Funding awarded to three diverse projects
Funding awarded to three diverse projects
In recent months ADI researchers have been awarded grants to pursue projects that will have meaningful impacts for Indigenous communities, domestic violence survivors, and those working to counter violent extremism in the Asia-Pacific region.
A/Prof Tiffany Shellam, with partners from Albany Heritage Reference Group Aboriginal Corporation, National Museum of Scotland, Western Australian Museum, National Museum of Australia, University of Western Australia, Natural History Museum, London and the City of Albany, has been awarded funding for an Australian Research Council Linkage Project. The project, Entangled knowledges: Kaartdijin, science and history in the Robert Neill Collection, is based on the collection of fish specimens, sketches and ethnographic material taken from Menang Country (Albany, WA) by Robert Neill in 1841.
The project aims to connect the collection, housed in the National Museum of Scotland and the Natural History Museum in London, with Menang families and to digitally reassemble the collection, in an effort to adjust the dominance of Western science frameworks of natural history collections by centring otherwise hidden Indigenous taxonomies.
Dr Mary Iliadis and Dr Danielle Tyson, with colleagues from QUT and Monash University, have been awarded funding by the Australian Institute of Criminology for their project Police body-worn camera technology in response to domestic and family violence: a national study of victim-survivor perspectives and experiences.
The project is the first study internationally to examine the benefits and detriments of police body-worn camera (BWC) technology in response to domestic and family violence (DFV) incidents from the perspective of victim/survivors.
This study will generate much-needed empirical research on the use, efficacy, perceived benefits and limitations of police BWC footage in response to DFV in Australia, including its evidentiary use in court proceedings and state responses, for example, in DFV, child protection, and family law matters.
The funding, granted through the Criminology Research Grants program, is awarded to projects seeking to transform current and future public policy issues. Its strong public policy focus means that research arising from this funding body will have tangible policy and practice outcomes.
In other funding news, Dr Matteo Vergani and Prof Greg Barton have secured funding from The Asia Foundation as part of the Resiliency Initiative – a large project supported by Facebook that aims to promote tolerance, strengthen inter-faith and inter-ethnic understanding, and counter violent extremism in the Asia-Pacific region.

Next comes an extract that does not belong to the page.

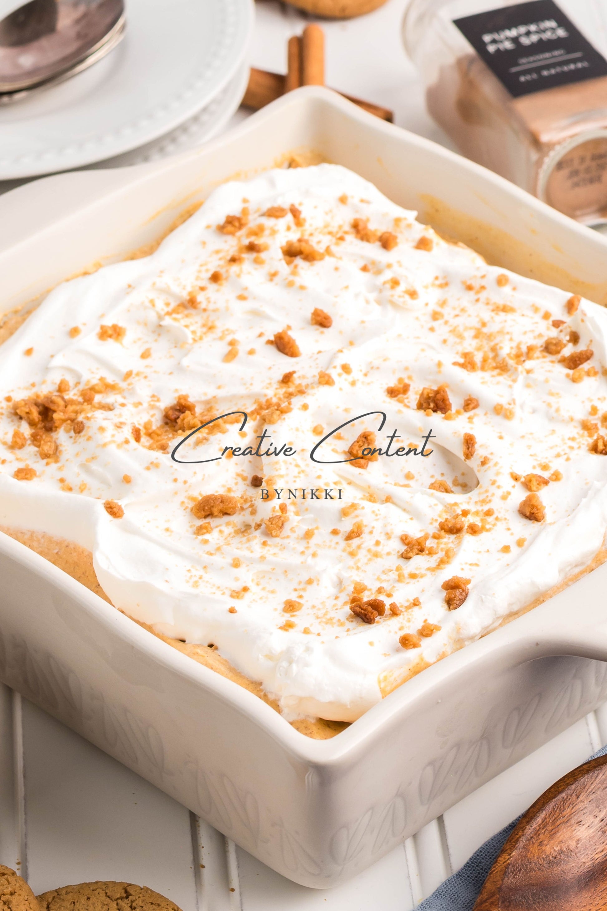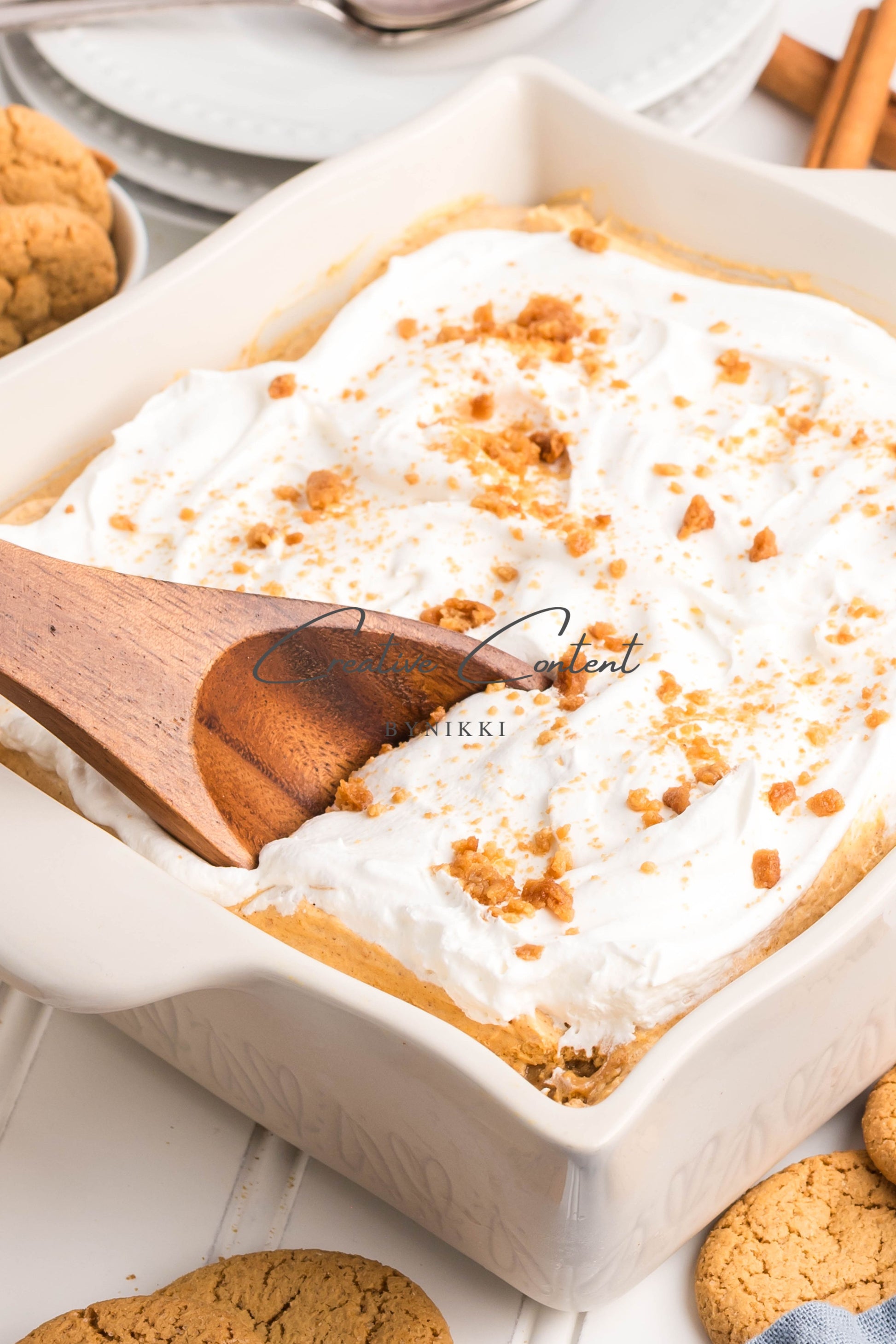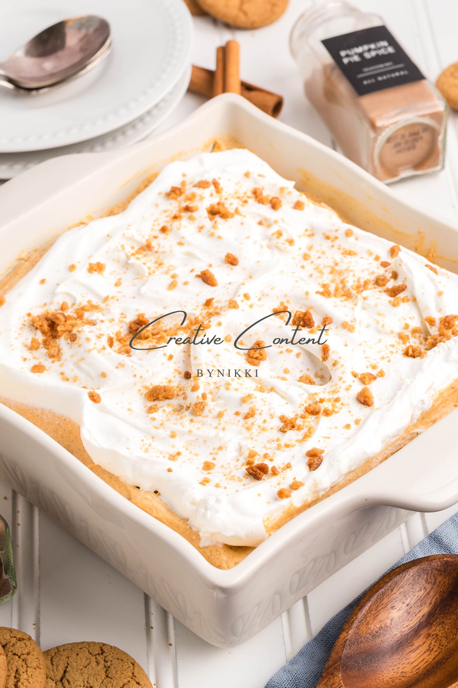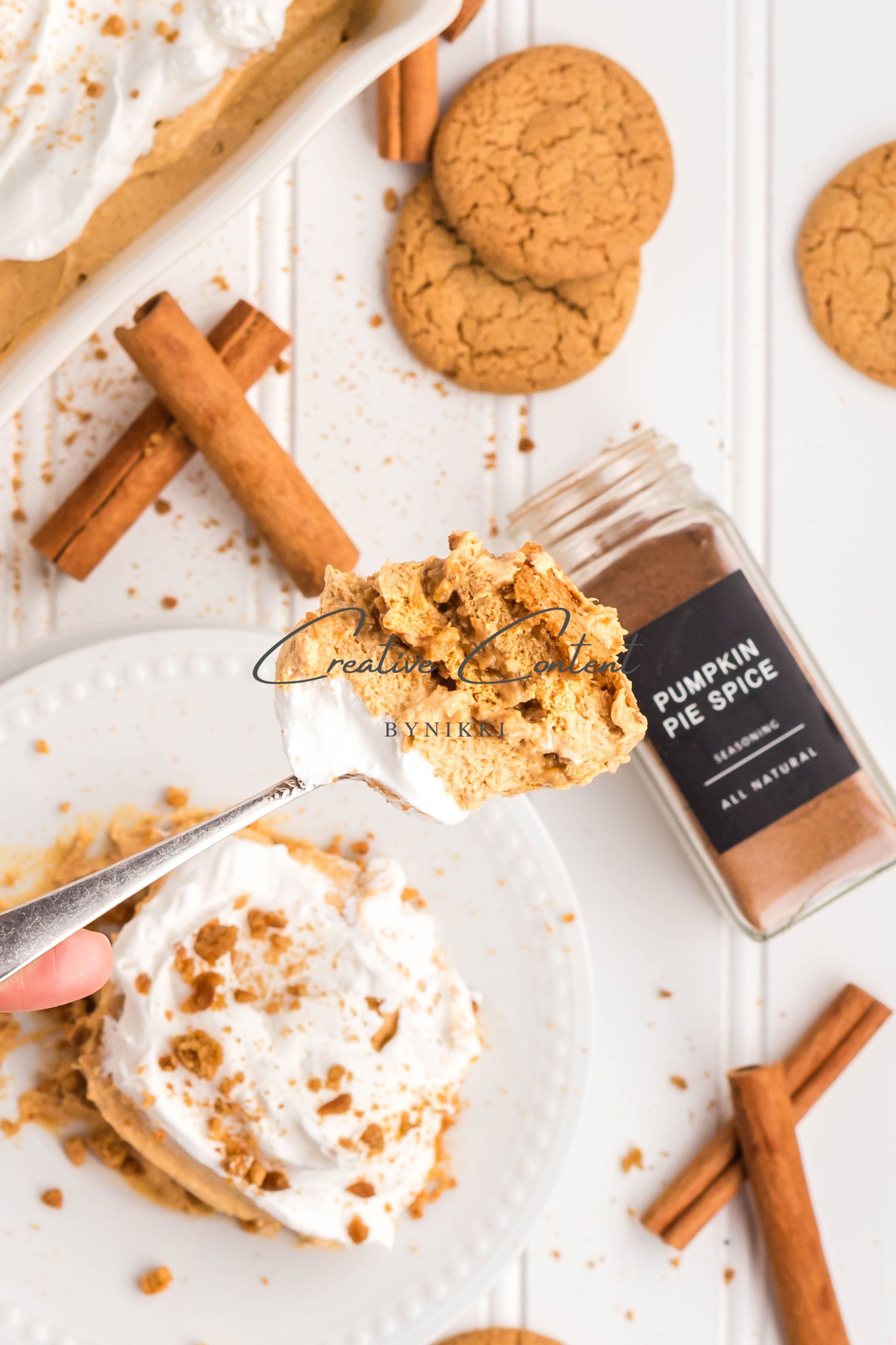 No Bake Pumpkin Icebox Cake is a simple and delicious fall dessert. It layers creamy pumpkin filling with crisp gingersnap cookies for the perfect mix of texture and flavor. This dessert comes together quickly and doesn’t require any baking, which makes it perfect for busy days.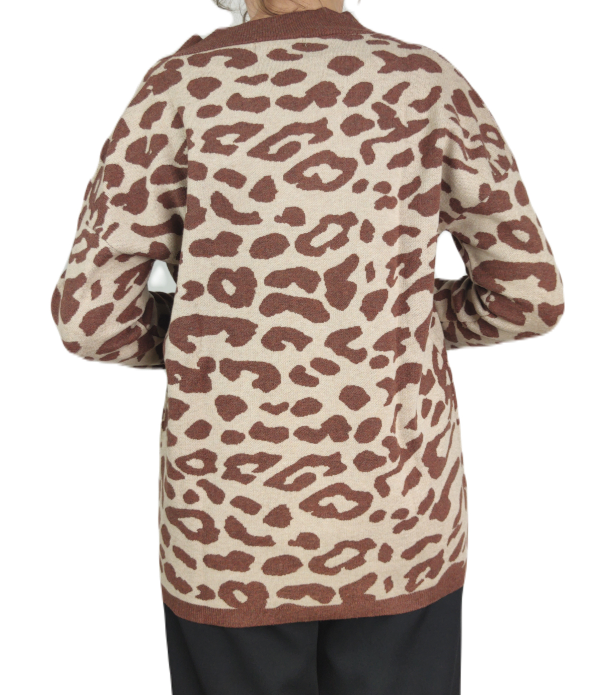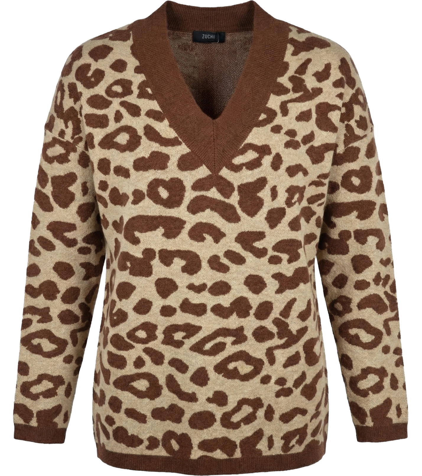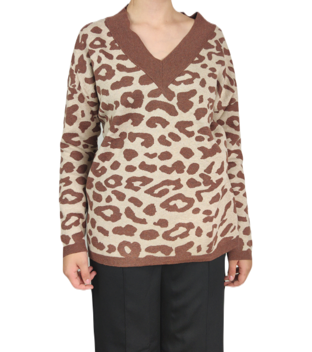 Damski sweter zakładany przez głowę wykonany z przyjemnej dzianiny. Dekolt w kształcie litery V.

Dr Vergani and Prof Barton’s project, Measuring impact of online and offline campaign for building resilience and tolerance in tackling South and Southeast Asia conflict, builds on the multi-year experience and research findings produced through SEAN-CSO. The team will conduct desk research to design and produce an online guide for civil society organisations in the Asia-Pacific region to assist the Asia Foundation in measuring the impact of online and offline campaigns for building resilience and tolerance and for reducing conflict, hate and online misinformation.